_Your objective:_ Can you copy out the data exactly? Leave the images out.

_Information supplied:_
━━━━━━━━━━━━━━━━━━━━
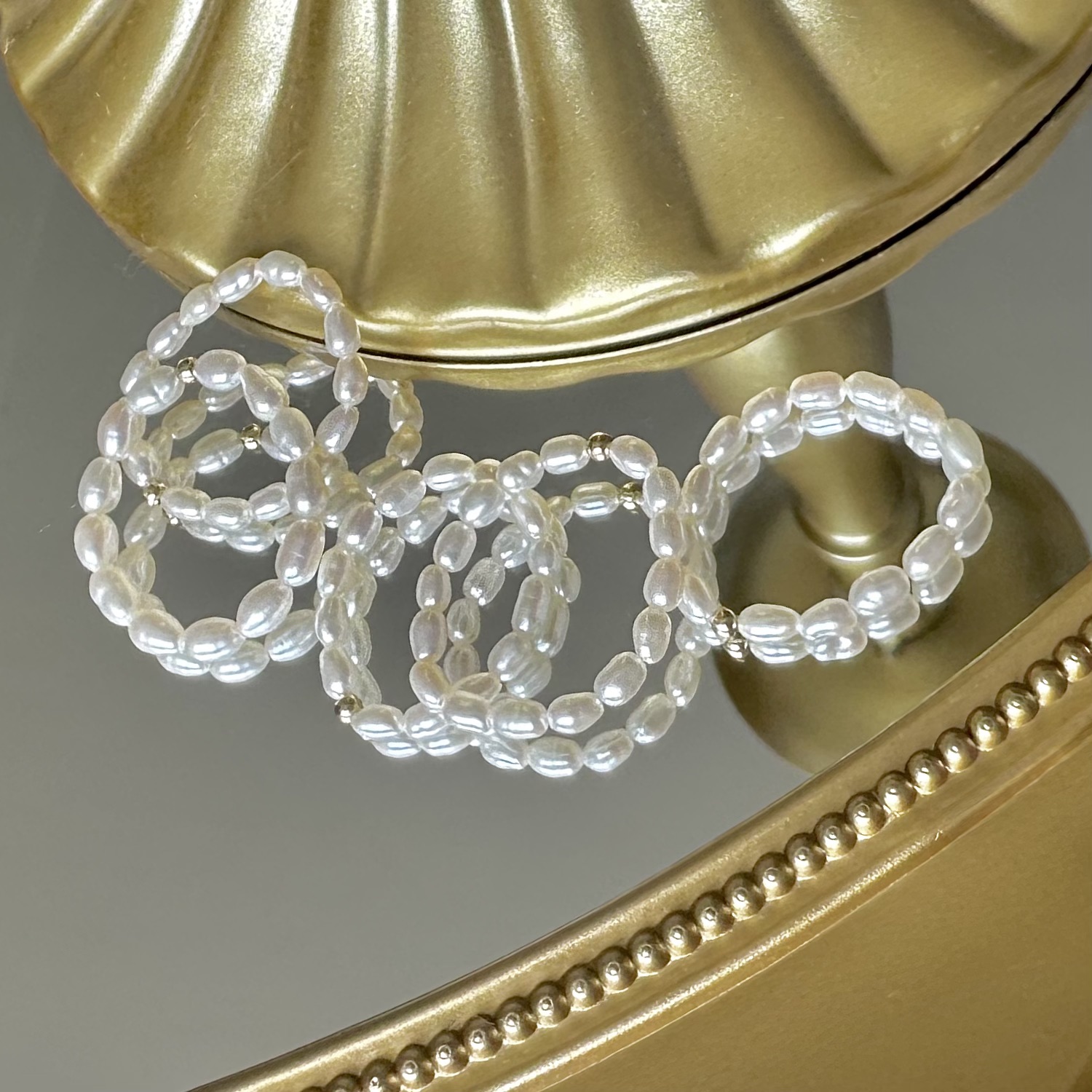 美国14K注金高级感天然淡水珍珠戒指小众百搭小米珠指环食指尾戒
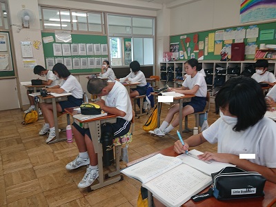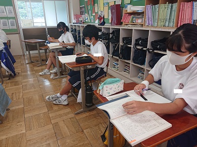 2年生は国語で「走れメロス」について学習しています。今日は本文を読んだ後、メロスとディオニスの初めの心情について話し合いました。
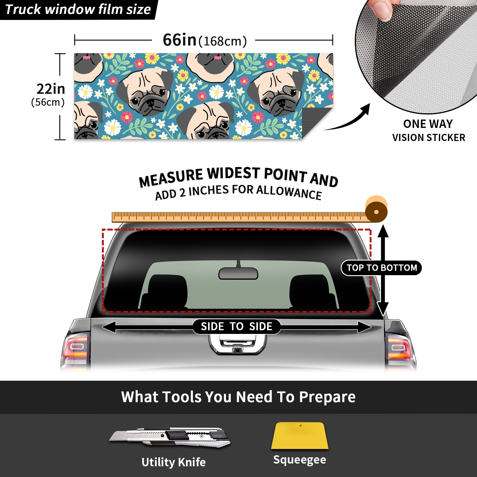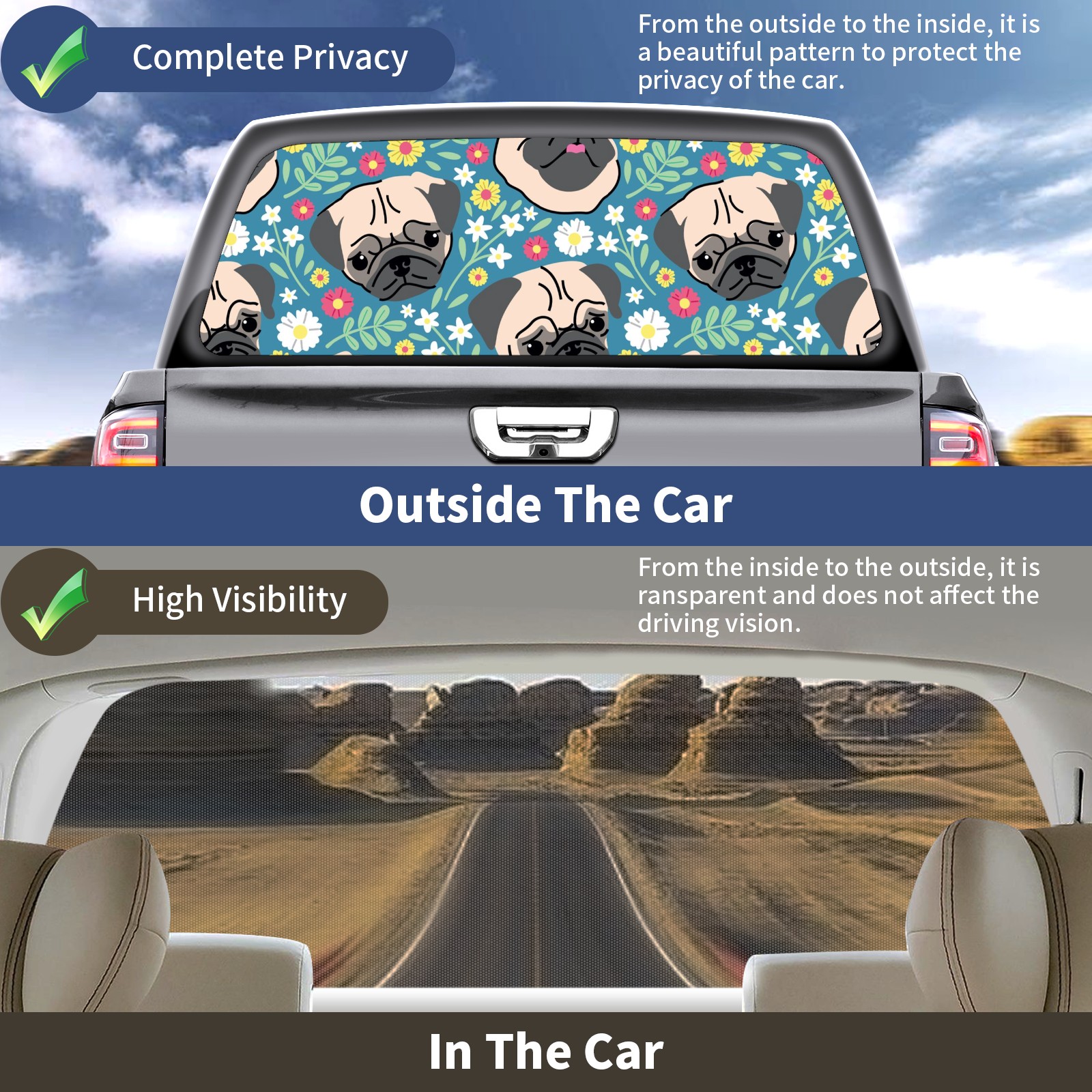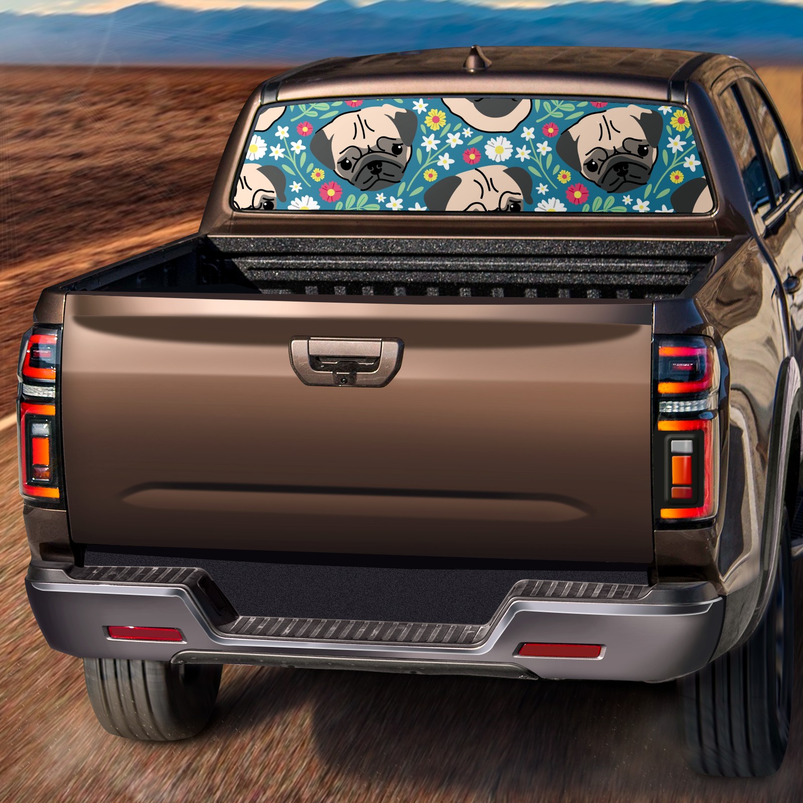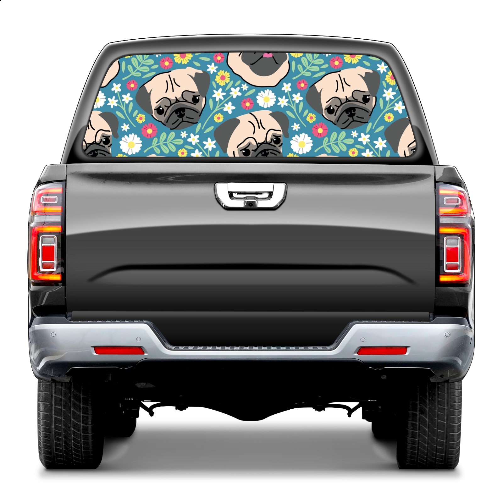 Truck Rear Window Graphics Decals Pickup Trucks Back Window Sticker Full Window Film Decal One Way Visual Waterproof Car Rear Tint Cute Pug Flower
━━━━━━━━━━━━━━━━━━━━
_Task result:_
 美国14K注金高级感天然淡水珍珠戒指小众百搭小米珠指环食指尾戒
 2年生は国語で「走れメロス」について学習しています。今日は本文を読んだ後、メロスとディオニスの初めの心情について話し合いました。
 Truck Rear Window Graphics Decals Pickup Trucks Back Window Sticker Full Window Film Decal One Way Visual Waterproof Car Rear Tint Cute Pug Flower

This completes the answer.